This year marks the 50th anniversary of the most important public policy ever implemented in Malaysia, the New Economic Policy (NEP). In American terms, the closest analogy I can think of is the Voting Rights Act that ended the mass disenfranchisement of African Americans in the South. The NEP—which was presented as affirmative action for the country’s Malay Muslim majority—has altered the political landscape forever. For Malaysians, unfortunately, it has also poisoned ethnic and personal relations in a way that now defines the country’s polity and economy.

Malaysia is a small peninsular nation in Southeast Asia with a population of 33 million, located south of Thailand and north of Indonesia. About 60% of the population are Malays and Muslims. The bulk of the non-Malays are Chinese (about 25% of the population) and Indians (about 7%).

With its ethnically and religiously mixed population, Malaysia remained a British colony until it negotiated its independence in 1957 and became the Federation of Malaysia in 1963. In 1969, widespread ethnic riots broke out after a disputed election, and thousands died. The country was put under emergency rule and parliament was suspended. In 1971 parliament was restored, and the government decided that the cause of the riots was the yawning economic disparity between Malays and non-Malays. The Malay share of corporate wealth then was estimated to be 2.4%, and the Chinese 34%, with the remainder said to rest in foreign hands. The professions were also dominated by non-Malays, while Malays mostly ran the civil service and the security services.

This racial divide in Malaysia’s economy and society was a real and largely deliberate artifact of British colonial rule, which imported both Chinese and Indians to help run the economy under the theory that they would be easier for the British to control. After Malaysia became independent, many Chinese and Indians stayed, using their existing skill sets, prior advantages, and personal and family connections to become dominant in many nongovernment sectors.

To remedy this situation, the government promulgated the NEP in 1971. The NEP had two main aims: to eradicate poverty regardless of race, and to “restructure society” so that all ethnic groups would be represented in every profession and throughout the economy. Initially the policy had wide public support, as the political establishment realized that political stability depended on all ethnic groups having a stake in the economy. The Malay community was legally given a 30% minimum share across all economic and social spheres, with quotas imposed to ensure that it was represented in all professions. Many government procurements and licenses were reserved for Malay businesses. The establishment recognized that the situation of the Malay community was very much a legacy of colonialism, and that an affirmative action program like the NEP could “correct” a historical inequality.

The NEP went from being a redistributionist tool intended to correct a specific set of historical wrongs to becoming a monster with a life of its own.

Yet within a short time, the NEP program went from being a redistributionist tool intended to correct a specific set of historical wrongs to becoming a monster with a life of its own. As the 1970s wore on, the feeling rose among the Malay establishment that the country’s multiracial experiment was not working for them; instead, they wanted to reconstitute Malaysia as a Malay state. As the NEP set aside billions to promote the Malay community via direct subsidies, the country’s Malay elite quickly found that almost anything could be justified in the name of “Malay rights” and “the Malay Agenda.”
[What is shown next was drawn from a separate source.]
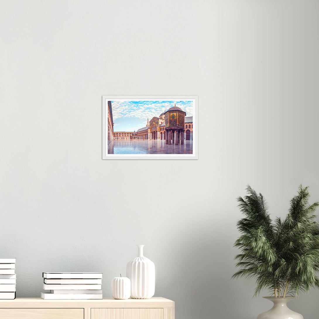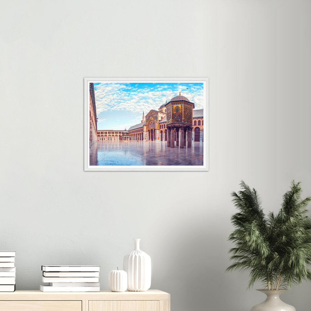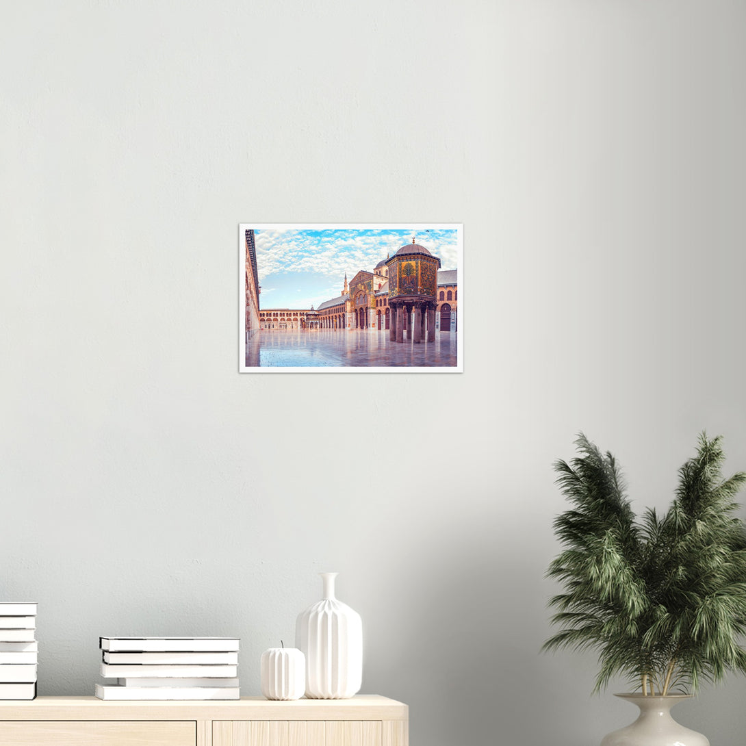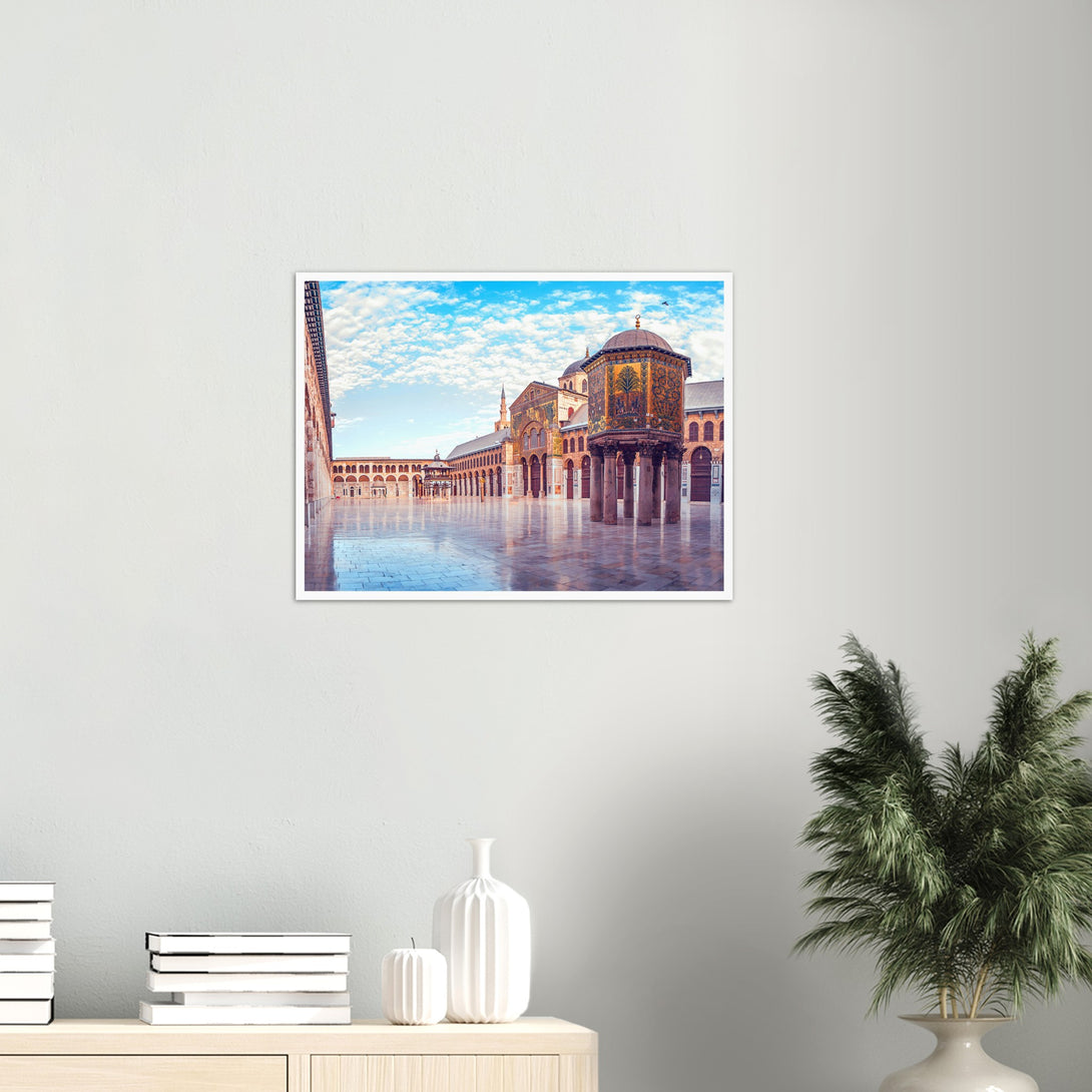 This is a poster of the Umayyad Mosque in Damascus, Syria. It shows a panoramic view of the wonderful mosque under the blue sky and white clouds on a sunny day.

Suddenly, all sorts of programs not related to the original NEP began to appear. Housing developers began to offer a discount to Malay property buyers. Banks were told they had to loan a certain percentage to Malay businesses, and that certain government contracts could only be awarded to Malay businesses. The most generous overseas scholarships were reserved for Malay students, and the government poured billions into building a special university that would only take Malays and other indigenous students. This university is currently the largest in the country, with branch campuses in each of Malaysia’s 13 states.

The new ethnic basis of the Malaysian economy and society in turn gave rise to an official national narrative in which the Malays were the indigenous people of Malaysia and thus entitled to certain benefits, while the Chinese and Indians were unofficially “pendatang,” or “newcomers.” In plain English, the Malaysian house was to be owned by Malays, while Chinese and Indians were to be seen as guests who had to follow the owner’s rules.

This all-encompassing ideology became widely known as “Ketuanan Melayu,” meaning Malay Supremacy. In administrative terms, the government labeled Malays and other indigenous tribes as “bumiputera,” a Sanskrit term meaning “sons of the soil,” and all others “non-bumiputera.” This sent a powerful signal to the country that more than half the population was effectively “chosen,” while the rest were considered to have less than full citizenship. All government programs were henceforth designed to help and enhance the bumiputera and thus lent legitimacy to Malaysia’s new form of institutional racism. The words “for bumiputera only” became standard in advertisements and media. In Malaysia, this was all considered to be normal.

You’d think that the Malay population would have been very pleased that the government was now officially behind them 110%, pushing them swiftly up the economic ladder, helping them dominate all professions, and putting the Malay middle class on track to hold the largest share of the country’s wealth, which it now does. This ongoing transfer of wealth from non-Malays to Malays over the past 50 years received an added boost when select Malays were given opportunities to own large corporations via the privatization of state assets in the 1980s and 1990s, in tandem with the worldwide neoliberal push to impose private sector discipline on previously state-run enterprises. Overnight, several hundred Malay millionaires and even the odd Malay tycoon came into being by riding the government privatization gravy train. Yet the overwhelming tone of public discourse throughout this period was of Malay resentment.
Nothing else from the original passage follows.